Rabu, 12 Januari 2011

Perempuan tua itu yang saya sebut Ibu

Kubuka album biru
Penuh debu dan usang
Ku pandangi semua gambar diri
Kecil bersih belum ternoda

Pikirkupun melayang
Dahulu penuh kasih
Teringat semua cerita orang
Tentang riwayatku

*
Kata mereka diriku slalu dimanja
Kata mereka diriku slalu dtimang

Nada nada yang indah
Slalu terurai darinya
Tangisan nakal dari bibirku
Takkan jadi deritanya

Tangan halus dan suci
Tlah mengangkat diri ini
Jiwa raga dan seluruh hidup
Rela dia berikan

Oh bunda ada dan tiada dirimu
Kan slalu ada di dalam hatiku

Pagi ini, tiba-tiba terngiang lagu tersebut dalam pikiran saya. Saat saya melihat seorang perempuan tua yang tertidur bersandarkan dinding dengan seekor kucing kecil dipangkuannya. Saya yakin kucing tersebut pasti juga merasakan butiran-butiran kasih sayang dari sentuhannya, sehingga dia sangat nyaman didekapannya. Saya lihat dan saya amati wajahnya. Tiba-tiba saya tertegun melihat wajahnya lelahnya.

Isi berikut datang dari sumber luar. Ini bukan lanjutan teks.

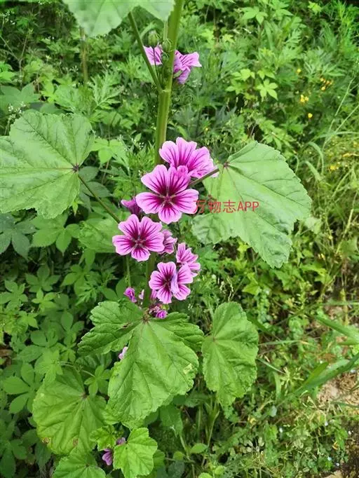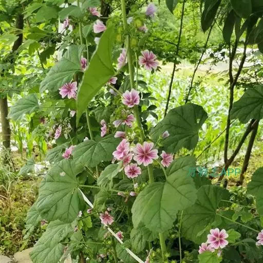 锦葵是二年生或多年生直立草本植物,高50-90厘米,分枝多,疏被粗毛。叶圆心形或肾形,具5-7圆齿状钝裂片,长5-12厘米,宽几相等,基部近心形至圆形,边缘具圆锯齿,两面均无毛或仅脉上疏被短糙伏毛;叶柄长4-8厘米,近无毛,但上面槽内被长硬毛;托叶偏斜,卵形,具锯齿,先端渐尖。
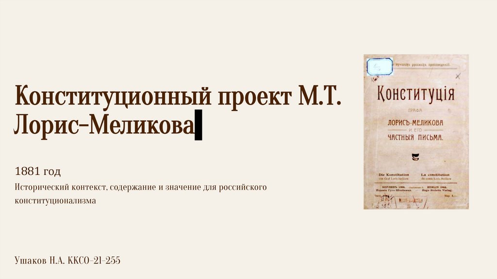 Конституционный проект М.Т. Лорис-Меликова 1881 года — уникальный

Seakan semua perjuangannya selama ini terputar kembali diwajahnya seperti dalam pertunjukkan gedung bioskop. Perempuan tua itu sudah tak muda lagi, yang ada dimukanya hanya kerutan-kerutan yang menggerogoti setiap waktunya detik demi detik. Saya yakin perjuangannya selama ini yang membuatnya lelah. Sudah puluhan tahun kira-kira. Saya sudah berusia 18 tahun, belum lagi kakak saya yang berusia 23 tahun. Kira-kira dalam kurun waktu itulah dia habiskan waktunya, tenaganya, bahkan air susunya yang saya teguk dahulu. Kemudian saya lihat tangannya, tak beda jauh dengan wajahnya. Penuh dengan kerutan yang melambangkan lelahnya. Tapi dahulu tangan itu yang mengangkat tubuh mungil saya. Tangan itu yang selalu terulur untuk saya. Tangan itu yang mengalirkan ribuan butir kasih sayang disetiap sentuhannya. Bahkan jiwa dan raganya pun rela dia berikan.Tiba-tiba teringat kembali sepotong pepatah dalam ingatan saya. Memberi makan perempuan tua itu seumur hidupnya takkan mampu membalas semua yang telah diberikannya. Air susu yang ada dibumi ini pun juga takkan mampu menebus air susunya yang diberikan dahulu. Sungguh tak dapat terbayangkan bahwa kasih sayangnya yang tiada tara didunia ini. Belum lagi tiba-tiba teringat balasanku untukknya. Belum banyak, seperti yang dia berikan pada saya. Yang banyak hanya bentakan, rasa kesal saya padanya. Mungkin dibalik itu semua hatinya lebih kesal bahkan lebih lelah dibanding saya. Tapi perempuan tua itu sangat mulia, tak pernah dia mengeluh sedkitpun tentang rasa lelah dan kesalnya itu. Ya, perempuan tua itulah yang selama ini saya sebut IBU.